Pictures aside, repeat the listing below exactly.

◆ PROVIDED INFORMATION
+++

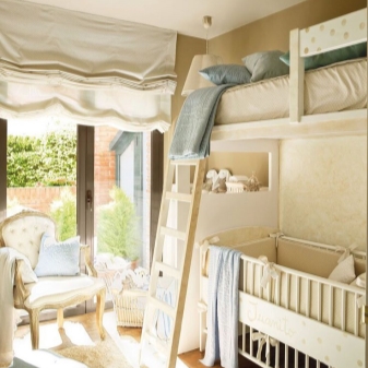 Най -практично е да използвате ролетни щори в детска стая. Те отговарят на всички изисквания, изложени по -горе. Бежовите завеси ще балансират ярките петна във вътрешността на стаята, ще донесат спокойствие и неутралност..
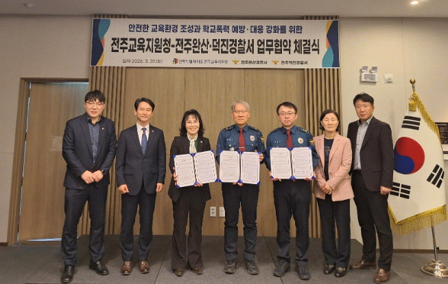 전주교육지원청은 31일 전주꽃심호텔 세미나실에서 전주완산경찰서, 전주덕진경찰서와 학교폭력 예방과 학생안전·보호 강화를 위한 업무협약을 체결했다.
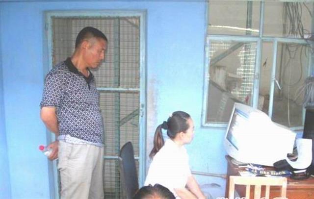 新疆得天赛鸽公棚—公棚人员在核对计算机的赛鸽足环号
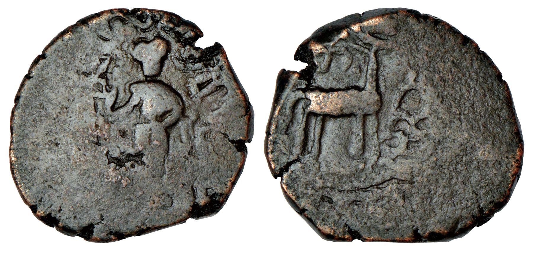 Ancient India: Post-Mauryan tribal republics, Yaudheyas, copper fractional unit, Chitreshwara, 9.85g
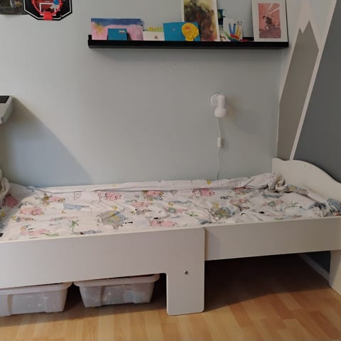 Myydään jatkettava lasten puinen sänky, mukaan vaahtomuovipatja kahdella jatkopalalla. Tukeva ja hyväkuntoinen muuten, maalipinnat paikoin ottaneet osumaa. Levypohja. Pituus 191 cm kahdella ja 157 cm yhdellä patjan jatkopalalla. Ilman jatkopalaa pituus 123 cm. Leveys päätyjen kohdalta 80 cm, patjaosan leveys 66 cm. Päätyjen korkeus 55 cm ja makuuosan 35 cm.
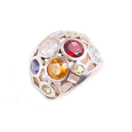 Garnet, Topaz, Amethyst, Peridot & Citrine Silver Cocktail Ring

+++

◆ FINISHED EXERCISE
 Най -практично е да използвате ролетни щори в детска стая. Те отговарят на всички изисквания, изложени по -горе. Бежовите завеси ще балансират ярките петна във вътрешността на стаята, ще донесат спокойствие и неутралност..
 전주교육지원청은 31일 전주꽃심호텔 세미나실에서 전주완산경찰서, 전주덕진경찰서와 학교폭력 예방과 학생안전·보호 강화를 위한 업무협약을 체결했다.
 新疆得天赛鸽公棚—公棚人员在核对计算机的赛鸽足环号
 Ancient India: Post-Mauryan tribal republics, Yaudheyas, copper fractional unit, Chitreshwara, 9.85g
 Myydään jatkettava lasten puinen sänky, mukaan vaahtomuovipatja kahdella jatkopalalla. Tukeva ja hyväkuntoinen muuten, maalipinnat paikoin ottaneet osumaa. Levypohja. Pituus 191 cm kahdella ja 157 cm yhdellä patjan jatkopalalla. Ilman jatkopalaa pituus 123 cm. Leveys päätyjen kohdalta 80 cm, patjaosan leveys 66 cm. Päätyjen korkeus 55 cm ja makuuosan 35 cm.
 Garnet, Topaz, Amethyst, Peridot & Citrine Silver Cocktail Ring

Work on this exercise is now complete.